リレー方式にはReedとElectromechanicalがあり、切り替える信号の性質やシステム要件に応じて使い分けます。また、Row Accessの有無は、配線の取り回しや信号アクセス設計に関わる要素です。同一シリーズでもRow Accessあり・なしの両方が用意されているため、治具構成や保守性まで含めて比較すると選びやすくなります。

代表的な製品例と選び分けの考え方

高いチャンネル集約を重視する場合は、NI SWB-2815 Matrix Module for SwitchBlockの4×86構成が候補になります。一方で、8×46のNI SWB-2816や16×22のNI SWB-2817は、行列バランスや接続設計の都合に応じて検討しやすいモデルです。いずれもRow Accessあり・なしが用意されているため、同じ基本構成でも実装方針に合わせた選択が可能です。
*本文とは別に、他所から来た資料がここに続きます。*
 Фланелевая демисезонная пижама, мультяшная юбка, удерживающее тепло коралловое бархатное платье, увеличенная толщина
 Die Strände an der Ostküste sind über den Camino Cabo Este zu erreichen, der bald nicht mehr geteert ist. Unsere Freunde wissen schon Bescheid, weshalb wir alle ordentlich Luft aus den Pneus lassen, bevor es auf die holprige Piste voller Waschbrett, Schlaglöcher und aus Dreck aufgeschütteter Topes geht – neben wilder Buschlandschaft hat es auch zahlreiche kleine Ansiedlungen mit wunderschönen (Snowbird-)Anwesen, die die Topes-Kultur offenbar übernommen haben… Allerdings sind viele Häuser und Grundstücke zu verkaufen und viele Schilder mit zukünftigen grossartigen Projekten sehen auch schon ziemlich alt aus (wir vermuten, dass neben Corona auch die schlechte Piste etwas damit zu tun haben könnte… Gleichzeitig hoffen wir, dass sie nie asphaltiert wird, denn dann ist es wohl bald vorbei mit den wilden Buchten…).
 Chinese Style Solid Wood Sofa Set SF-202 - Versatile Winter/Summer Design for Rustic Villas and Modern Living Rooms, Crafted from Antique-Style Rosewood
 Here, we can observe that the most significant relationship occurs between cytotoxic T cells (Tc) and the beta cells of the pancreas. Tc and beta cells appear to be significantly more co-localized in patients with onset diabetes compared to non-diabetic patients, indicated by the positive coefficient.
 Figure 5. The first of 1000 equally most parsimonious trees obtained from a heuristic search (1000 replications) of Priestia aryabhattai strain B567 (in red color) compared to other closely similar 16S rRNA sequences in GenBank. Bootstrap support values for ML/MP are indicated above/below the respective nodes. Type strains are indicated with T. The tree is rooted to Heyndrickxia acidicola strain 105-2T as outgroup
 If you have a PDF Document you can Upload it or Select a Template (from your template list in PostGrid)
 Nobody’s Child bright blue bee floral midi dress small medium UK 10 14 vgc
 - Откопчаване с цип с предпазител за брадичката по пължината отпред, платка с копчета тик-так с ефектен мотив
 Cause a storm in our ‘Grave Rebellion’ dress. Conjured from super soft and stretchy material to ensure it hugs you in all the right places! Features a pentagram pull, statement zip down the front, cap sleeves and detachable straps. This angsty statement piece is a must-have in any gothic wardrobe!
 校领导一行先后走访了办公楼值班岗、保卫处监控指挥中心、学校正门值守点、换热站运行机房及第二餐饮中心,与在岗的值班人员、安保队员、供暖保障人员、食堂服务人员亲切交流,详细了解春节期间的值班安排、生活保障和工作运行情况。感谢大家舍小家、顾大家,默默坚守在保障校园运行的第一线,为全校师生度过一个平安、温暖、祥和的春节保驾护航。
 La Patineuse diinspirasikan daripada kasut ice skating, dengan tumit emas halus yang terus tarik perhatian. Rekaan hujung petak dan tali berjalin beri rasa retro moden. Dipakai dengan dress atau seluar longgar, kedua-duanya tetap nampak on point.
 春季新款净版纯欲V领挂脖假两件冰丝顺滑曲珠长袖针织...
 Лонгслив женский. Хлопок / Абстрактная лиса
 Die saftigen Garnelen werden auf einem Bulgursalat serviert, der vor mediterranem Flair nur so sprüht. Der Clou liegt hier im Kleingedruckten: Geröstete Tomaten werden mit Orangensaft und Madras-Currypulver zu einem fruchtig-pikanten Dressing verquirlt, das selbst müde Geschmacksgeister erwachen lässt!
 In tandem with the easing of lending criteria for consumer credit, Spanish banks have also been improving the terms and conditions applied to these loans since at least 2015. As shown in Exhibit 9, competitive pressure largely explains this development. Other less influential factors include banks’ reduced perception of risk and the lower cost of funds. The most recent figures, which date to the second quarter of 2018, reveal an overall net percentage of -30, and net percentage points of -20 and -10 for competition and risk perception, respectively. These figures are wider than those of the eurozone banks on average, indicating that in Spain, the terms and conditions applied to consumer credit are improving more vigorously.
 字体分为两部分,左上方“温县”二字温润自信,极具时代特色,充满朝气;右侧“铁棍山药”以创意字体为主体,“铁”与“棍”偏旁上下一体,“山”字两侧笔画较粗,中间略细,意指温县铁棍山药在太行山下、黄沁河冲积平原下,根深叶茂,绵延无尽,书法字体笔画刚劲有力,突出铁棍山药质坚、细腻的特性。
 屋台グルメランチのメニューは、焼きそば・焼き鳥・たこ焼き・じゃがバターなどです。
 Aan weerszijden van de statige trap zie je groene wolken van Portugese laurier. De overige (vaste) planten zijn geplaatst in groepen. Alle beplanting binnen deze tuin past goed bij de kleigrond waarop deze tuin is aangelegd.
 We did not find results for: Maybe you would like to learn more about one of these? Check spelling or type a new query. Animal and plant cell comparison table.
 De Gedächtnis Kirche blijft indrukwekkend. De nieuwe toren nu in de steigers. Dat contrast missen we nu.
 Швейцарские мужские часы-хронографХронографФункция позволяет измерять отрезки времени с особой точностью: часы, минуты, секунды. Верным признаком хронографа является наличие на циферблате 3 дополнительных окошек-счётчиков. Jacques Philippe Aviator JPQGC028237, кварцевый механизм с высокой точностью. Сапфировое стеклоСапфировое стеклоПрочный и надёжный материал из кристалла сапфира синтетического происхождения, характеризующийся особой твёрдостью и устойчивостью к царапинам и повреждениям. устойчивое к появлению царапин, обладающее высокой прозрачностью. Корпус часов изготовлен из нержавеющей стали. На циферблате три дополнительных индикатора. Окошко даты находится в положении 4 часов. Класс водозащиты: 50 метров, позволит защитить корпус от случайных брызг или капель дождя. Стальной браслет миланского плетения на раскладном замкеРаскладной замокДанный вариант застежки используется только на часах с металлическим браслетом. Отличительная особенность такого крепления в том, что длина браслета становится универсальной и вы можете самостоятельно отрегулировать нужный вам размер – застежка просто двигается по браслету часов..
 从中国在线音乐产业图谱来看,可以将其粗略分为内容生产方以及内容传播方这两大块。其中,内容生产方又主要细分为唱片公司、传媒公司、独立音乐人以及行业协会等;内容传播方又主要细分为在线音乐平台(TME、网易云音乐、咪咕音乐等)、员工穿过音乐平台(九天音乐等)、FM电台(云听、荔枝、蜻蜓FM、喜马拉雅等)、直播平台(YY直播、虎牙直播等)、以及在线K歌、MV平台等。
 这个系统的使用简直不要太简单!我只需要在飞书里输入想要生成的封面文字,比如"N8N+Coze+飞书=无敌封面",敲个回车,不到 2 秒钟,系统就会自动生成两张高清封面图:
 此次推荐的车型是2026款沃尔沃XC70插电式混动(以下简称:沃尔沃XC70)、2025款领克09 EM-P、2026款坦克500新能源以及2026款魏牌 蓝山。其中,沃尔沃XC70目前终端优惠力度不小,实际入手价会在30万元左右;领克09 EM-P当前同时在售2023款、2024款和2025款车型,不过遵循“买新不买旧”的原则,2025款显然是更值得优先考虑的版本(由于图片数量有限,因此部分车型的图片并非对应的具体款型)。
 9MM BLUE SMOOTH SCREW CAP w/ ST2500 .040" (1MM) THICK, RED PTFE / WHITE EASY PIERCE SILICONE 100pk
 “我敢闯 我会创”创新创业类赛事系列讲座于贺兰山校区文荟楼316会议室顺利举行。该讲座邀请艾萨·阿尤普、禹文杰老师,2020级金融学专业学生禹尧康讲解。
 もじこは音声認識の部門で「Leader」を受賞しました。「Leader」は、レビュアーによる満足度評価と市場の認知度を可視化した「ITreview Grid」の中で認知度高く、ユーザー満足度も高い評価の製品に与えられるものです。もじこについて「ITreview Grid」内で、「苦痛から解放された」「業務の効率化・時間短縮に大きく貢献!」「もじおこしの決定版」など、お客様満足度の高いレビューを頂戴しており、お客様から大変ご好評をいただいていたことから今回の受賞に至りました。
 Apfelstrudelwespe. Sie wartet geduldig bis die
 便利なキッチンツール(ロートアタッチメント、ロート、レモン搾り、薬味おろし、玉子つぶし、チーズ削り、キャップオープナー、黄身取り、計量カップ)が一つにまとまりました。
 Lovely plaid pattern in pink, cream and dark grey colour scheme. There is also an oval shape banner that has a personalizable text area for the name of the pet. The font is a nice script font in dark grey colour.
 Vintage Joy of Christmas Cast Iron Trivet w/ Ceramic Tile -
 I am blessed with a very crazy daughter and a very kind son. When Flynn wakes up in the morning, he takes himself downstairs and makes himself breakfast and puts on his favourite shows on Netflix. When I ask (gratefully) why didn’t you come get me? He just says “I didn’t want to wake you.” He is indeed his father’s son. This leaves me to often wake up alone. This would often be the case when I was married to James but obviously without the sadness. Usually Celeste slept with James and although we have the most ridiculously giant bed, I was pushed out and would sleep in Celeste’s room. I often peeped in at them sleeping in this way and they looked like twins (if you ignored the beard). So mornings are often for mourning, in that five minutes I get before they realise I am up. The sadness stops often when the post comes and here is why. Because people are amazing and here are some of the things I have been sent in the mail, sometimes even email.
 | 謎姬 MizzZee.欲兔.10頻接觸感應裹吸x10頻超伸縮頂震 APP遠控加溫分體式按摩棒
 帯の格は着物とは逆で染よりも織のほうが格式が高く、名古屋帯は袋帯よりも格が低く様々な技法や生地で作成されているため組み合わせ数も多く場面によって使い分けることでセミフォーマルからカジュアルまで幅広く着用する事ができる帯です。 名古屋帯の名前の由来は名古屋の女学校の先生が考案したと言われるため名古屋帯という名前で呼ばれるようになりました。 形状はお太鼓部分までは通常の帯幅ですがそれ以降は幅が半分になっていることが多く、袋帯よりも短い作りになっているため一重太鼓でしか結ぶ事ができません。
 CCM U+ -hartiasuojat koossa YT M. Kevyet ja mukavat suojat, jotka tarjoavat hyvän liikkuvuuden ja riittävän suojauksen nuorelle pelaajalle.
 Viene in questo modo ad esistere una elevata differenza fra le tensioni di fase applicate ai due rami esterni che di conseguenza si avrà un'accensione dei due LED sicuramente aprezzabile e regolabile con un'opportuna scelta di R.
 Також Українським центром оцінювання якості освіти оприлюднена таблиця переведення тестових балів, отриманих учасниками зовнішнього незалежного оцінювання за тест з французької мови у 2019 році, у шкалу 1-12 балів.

2-wire構成を重視する用途では、4×71のNI SWB-2833、8×34のNI SWB-2834、さらに8×9で150 V / 1 Aに対応するNI SWB-2814が比較対象になります。接続点数だけでなく、必要な電圧・電流条件、リレー方式、配線自由度のどれを優先するかで、最適な組み合わせは変わります。

測定システム全体で考えると選定しやすい

スイッチ単体で選ぶよりも、どの測定器と組み合わせるかまで含めて検討すると、導入後の運用イメージが明確になります。たとえば電圧・抵抗などの多点測定を想定するなら、デジタルマルチメータ(NI)との組み合わせが自然です。

また、電流・電圧印加と測定を一体で考える評価系では、ソース測定単位とあわせて検討することで、スイッチングを含めた自動試験系の設計が進めやすくなります。通信制御や装置連携の観点では、GPIB、シリアル、およびイーサネット関連カテゴリも参考になります。

こんな用途で検討しやすいカテゴリです

  • 多チャネル信号を自動で切り替えたい評価・検査システム
  • 測定器1台を複数の試験ポイントへ順次接続したい治具構成
  • 研究開発で配線変更を減らし、再現性のある試験を行いたい環境
  • 1-wire / 2-wireやRow Accessの違いを踏まえて構成を選びたいケース

特にB2Bの設備導入では、単にクロスポイント数が多いモデルを選ぶだけでは不十分です。信号条件、配線方式、保守性、既存計測器との接続まで整理することで、運用しやすいスイッチングシステムに近づきます。

導入前によくある確認ポイント

Row Accessありとなしはどう使い分けますか。

配線設計やアクセスしたいポイントの考え方によって選び分けます。治具や信号経路の設計上、行側へのアクセスが必要な場合はRow Accessありが候補になります。

ReedとElectromechanicalはどちらを選ぶべきですか。

扱う信号条件や求める切替特性に応じて判断します。まずは必要な電圧・電流条件と配線方式を整理し、そのうえで該当シリーズを比較するのが実務的です。

スイッチだけでシステムは完結しますか。

多くの場合、測定器や通信インターフェースと組み合わせて構成します。測定対象や自動化レベルに応じて、関連カテゴリもあわせて確認すると選定しやすくなります。

まとめ

NIのスイッチ製品は、マトリクス構成の違いだけでなく、1-wire / 2-wire、電流容量、リレー方式、Row Accessの有無まで含めて比較できるのが特長です。用途に合ったモジュールを選ぶことで、多点測定や自動試験の配線を整理しやすくなり、システム全体の再現性と運用性の向上につながります。

接続点数が多い現場、評価治具の柔軟性が求められる場面、計測器との連携を前提にした試験環境では、このカテゴリから要件に近い構成を絞り込むのが有効です。製品ごとの違いを確認しながら、実際の信号条件と装置構成に合った一台を選定してください。